St. Bede coach Bill Booker, who took two rival L-P teams to state, had McGunnigal, now the SBA athletic director, make an impromptu pep talk to the Bruins after Thursday’s practice. He related his experience and talked about the brotherhood of Bruins baseball.
“It really brings back some tremendous memories – so much that I tear up thinking about all of them,” McGunnigal said. “I told the boys that I was playing with my best friends. And we would have been best friends no matter what would have come of our baseball season, but it gives us something now that we ALWAYS talk about whenever we get together.
“Like Jim and I recounting stories all the way to Lisle. But I told the boys I always, always, always, remember John’s (former coach Bellino) last words to us before we broke on that last practice, ‘I’m not going down there to lose.’ Of course, we had to win the first to keep playing at that time, but that motivated me to get it done for ourselves.”
Things were different in 1988. There were just two classes, compared to the current four-class system instituted in 2007. Eight teams advanced to state in each class (four now) from sectional sights with no super-sectionals played.
St.

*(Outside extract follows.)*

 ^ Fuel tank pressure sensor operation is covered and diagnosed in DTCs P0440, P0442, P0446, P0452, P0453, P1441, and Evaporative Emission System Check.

Bede punched its ticket to state from the friendly confines of Henry-Senachwine High School, nothing glamorous compared to the settings of Benedictine University. They beat old Peoria Bergan 2-1 for the sectional championship and Lanark Eastland in the semifinals.
On to Springfield for the state tournament at Lanphier Park, again not quite the glamour as Dozer Park in Peoria, the home of the Class A Peoria Chiefs, where the current crop of Bruins are experiencing this weekend.

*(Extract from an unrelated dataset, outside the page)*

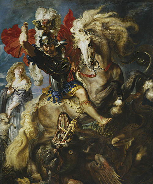 彼得·保羅·魯本斯(1577-1640) 巴黎羅浮宮博物館 彼得·保羅·魯本斯,一位在巴洛克美術(shù)中極具濃墨淡彩的佛蘭德斯畫家。他在年輕時,就已是一名虔誠的天主教徒,而反映到其作品上,我們可以看出宗教題材是其創(chuàng)作之主體。這幅《圣喬治斗惡龍》亦是如此,題材源于《圣經(jīng)》,是歐洲古壁畫及油畫常用的題材之一。圣喬治,原為天主教的一名戰(zhàn)士,因其屠龍的故事而被大為贊許,他身披鎧甲,乘著白馬,持著手中的阿斯卡隆槍,獵殺毒龍于地面,救下公主。而后,他也因之被尊為圣人,甚至成為英格蘭的守護(hù)神。 魯本斯的這幅畫,便將其之生動躍然紙上。畫面中心的騎兵(即可視為其筆下的圣喬治)似縱身騰起,將尖鋒直指惡龍,而此時的戰(zhàn)馬也好似猛然回首,堅(jiān)毅威然的目光直逼惡龍。騎兵、馬和惡龍構(gòu)成了看似穩(wěn)定的三角形構(gòu)圖,但在戰(zhàn)馬騰升的剎那,卻沖破了這浮有的框線。騎兵的熱血,戰(zhàn)馬的激昂,速寫性的筆法將強(qiáng)烈的情感寓于無限的動感中,好似早已打破那理性固有的寧靜,多了一份激情,多了一份浪漫主義色彩。這時,從畫面的左方灑入一束光,照亮了騎兵和戰(zhàn)馬,我們也就不由得跟隨它的引導(dǎo),走入畫的中心,走入了另一片世界。在這里,我們站著,仰望著,聆聽著,感受著一位真正“強(qiáng)者”來自心底的吶喊,它不是別人,正是斜跨于畫面之中央的戰(zhàn)馬,一匹有血有性的馬。它騰起的身軀,擺頭的姿態(tài),飄灑的鬃毛,構(gòu)成一條完美的曲線貫穿畫面。隨之,它原有的韻動,伴著惡龍和騎兵,揮灑出激昂的節(jié)奏,好似我們熟悉的《土耳其進(jìn)行曲》。伴有流動性曲線的它,也不失力量的展現(xiàn),魯本斯用細(xì)膩的筆法,剛勁的線條,色彩的對比及光感的塑造,打造出戰(zhàn)馬強(qiáng)健的肌肉。在這突顯的力量質(zhì)感,著實(shí)的體塊下,是一種內(nèi)心的奔騰,是一種戰(zhàn)馬精神的外放。再配上一雙凝厚有神的雙眼,吶喊著一種堅(jiān)毅的信念,一種威嚴(yán)的尊嚴(yán)。這就是戰(zhàn)馬,這就是馬,這就是凝練于它的精神。同時,魯本斯運(yùn)用強(qiáng)烈的明暗對比,呈現(xiàn)著熱烈的光感,好似卡拉瓦喬的繪畫風(fēng)格,從而譜寫出戰(zhàn)馬的莊嚴(yán)輝煌之氣,在它的威武陽剛之下,壓倒畫面底部陰晦的惡龍,激起人們內(nèi)心一次又一次震撼起伏的浪濤。就這樣,它,以一個主角的姿態(tài),向我們訴說著那段往事。 整幅畫,在艷麗的外殼下,戲劇性的畫面里,描繪著戰(zhàn)斗的激情,抒發(fā)著內(nèi)性的精神。這個故事本就傳達(dá)著直面的剛毅,正義的篤定,犧牲的不惜,而我們在魯本斯的筆下,在它的戰(zhàn)馬里,更看到了這一切。而這一切,本初也流淌在馬的血液里,也正屬于它們本體的一部分。它們,從骨子里散發(fā)著,這種執(zhí)著的堅(jiān)健,威武的陽剛,不屈的犧牲,向上的精神。而這也正是被人們不斷尊崇的,一種來自馬內(nèi)心的信仰,一種屬于它們的精神。 |

Perona remembers being in awe of the whole state experience initially, fighting off a lot of pre-game jitters.
“My first at-bat I saw my name on the scoreboard, and I missed the sign,” he said with a laugh. “The good news was a I got a hit, and we just moved on.”

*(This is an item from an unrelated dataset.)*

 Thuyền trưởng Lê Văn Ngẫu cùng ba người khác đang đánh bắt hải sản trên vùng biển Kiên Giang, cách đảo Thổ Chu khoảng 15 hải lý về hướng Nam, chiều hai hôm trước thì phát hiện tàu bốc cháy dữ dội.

While Bernie Moore, then the athletic director, was confident in the Bruins, noting at the pre-tournament awards banquet that Koster needed only two victories to break the school record and said, “I think he’s going to do it,” not everyone was.
Perona noted how the Bruins arrived in Springfield as a big underdog against mighty Mahomet-Seymour, at least according to a pregame article written by an area newspaper (not the BCR). Perona said that prognostication fueled the Bruins’ fire more.
In Kost we Trust
What put them over the edge was the pitching performance of Koster, who shut out Mahomet 10-0 on one hit in six innings. Perona, who was named to the all-tournament team at state, said that helped put the Bruins over the top.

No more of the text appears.